В своей комнате он повернул выключатель электроплитки, открыл две банки щей, вылил их содержимое в кастрюльку и, ожидая, пока разогреются щи, отрезал несколько тонких кусков хлеба. Это составляло его обед - почти неизменный в течение трех недель. Он был голоден и зол и поэтому сказал Кулеше то, что сказал. Если бы этот лесник был немного более начитанным и больше думал, чем болтал, он бы ответил Марыну, что тогда некоторых женщин увлекала именно такая мода. А у моды есть сила, которой до конца еще никто не понял. Она может даже заставить жить вблизи мужчины без надежды на телесное сближение. Но теперь другая мода - совокупляться надо долго и часто, с одной, с другой, с третьей.
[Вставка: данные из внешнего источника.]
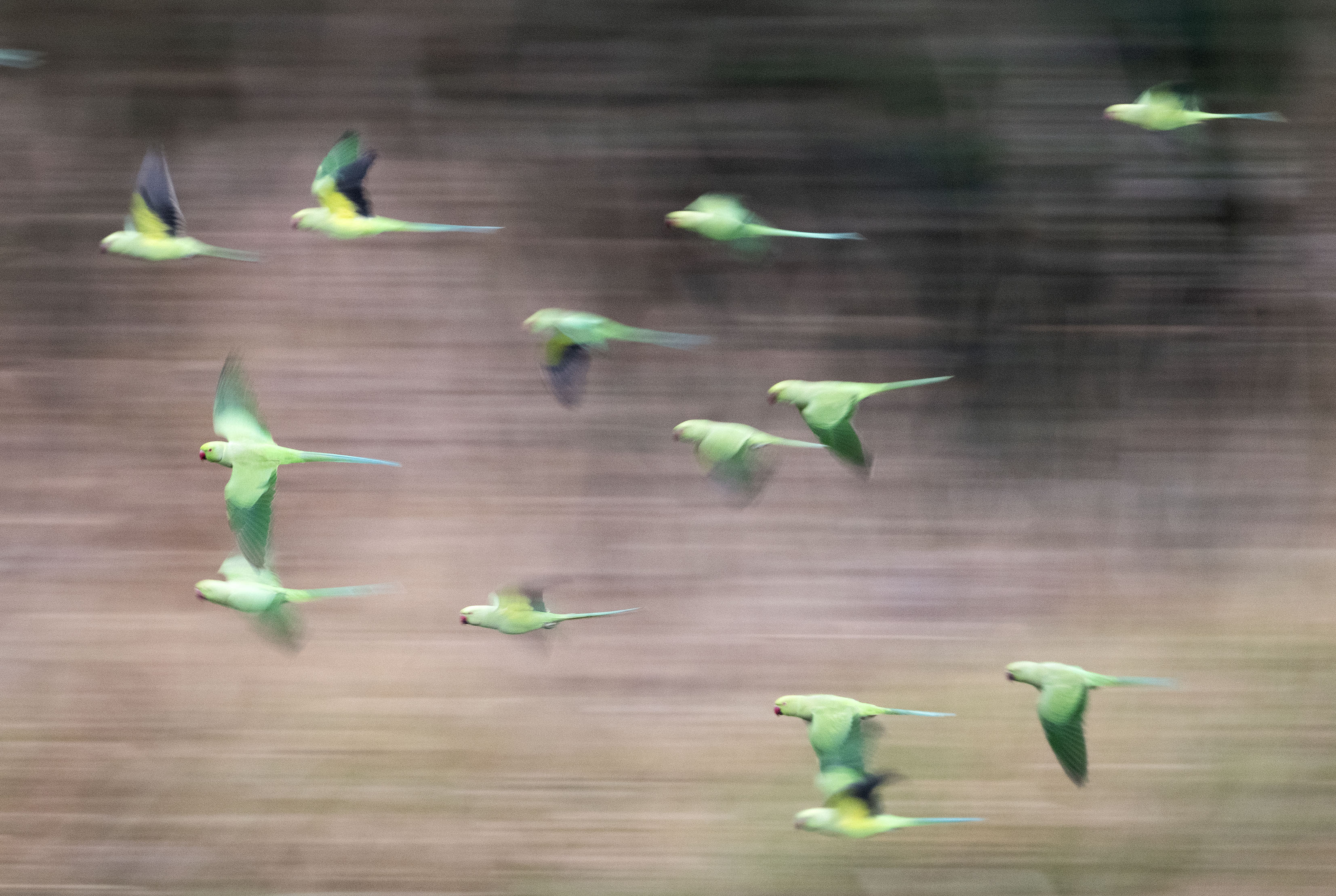 A flock of ring-necked paraqeets flying along the Jubilee River in Dorney, Buckinghamshire on December 31, 2024. They are an introduced species whose numbers are increasing. (Photo by Stan Kujawa/The Times)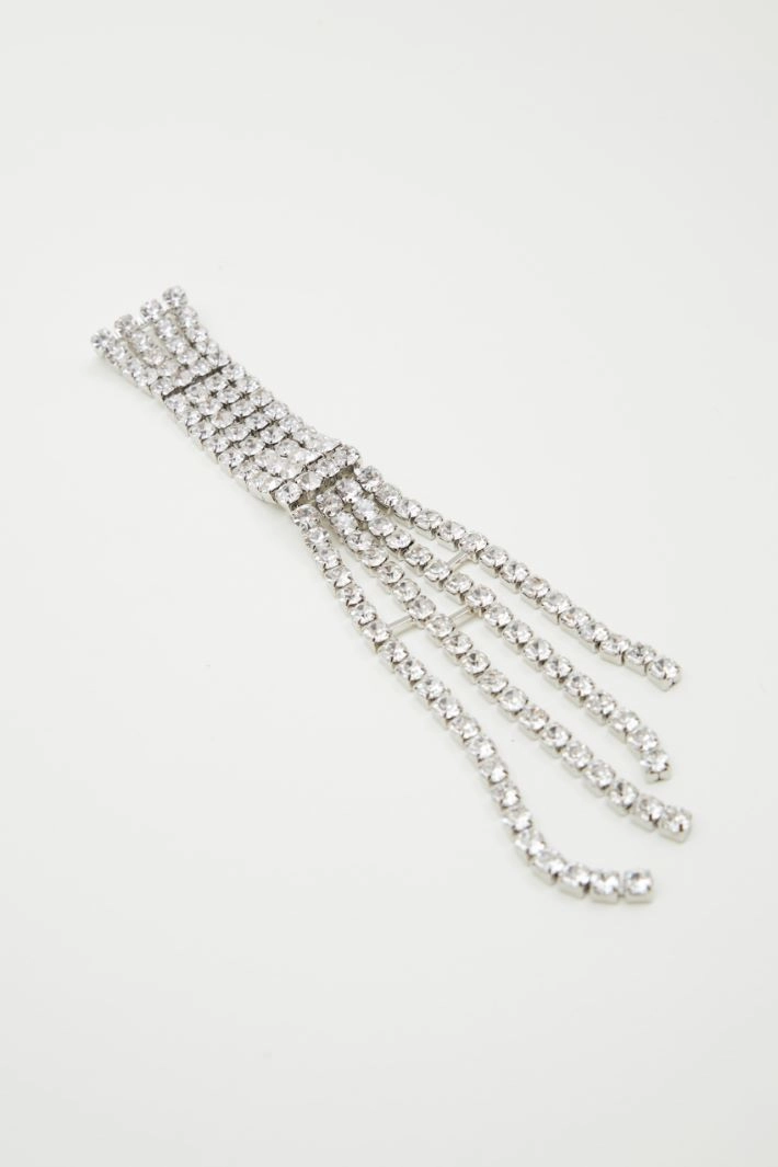 Metal brooch embellished with set rhinestones and crystals. Pin fastening at the back.

Короче, заниматься тем, что называется избавлением от предрассудков. Когда-то называлось настоящей любовью то, что делали женщины, идущие за мужчинами в изгнание, а теперь называется любовью неустанное пребывание члена во влагалище. Говорят, что таким способом на минуту преодолевается одиночество, отделяющее человека от человека. Когда-то, может быть, люди не боялись одиночества так, как теперь, потому что им никто не объяснял, что они одиноки. Им объяснили еще и то, что нет другой дороги для преодоления собственного и чужого одиночества, кроме копуляции, непродолжительной или длительной. Длительная была, безусловно, лучше, потому что дольше сохранялась близость с кем-либо, и даже могла преодолеть на это время в человеке страх перед неизвестностью.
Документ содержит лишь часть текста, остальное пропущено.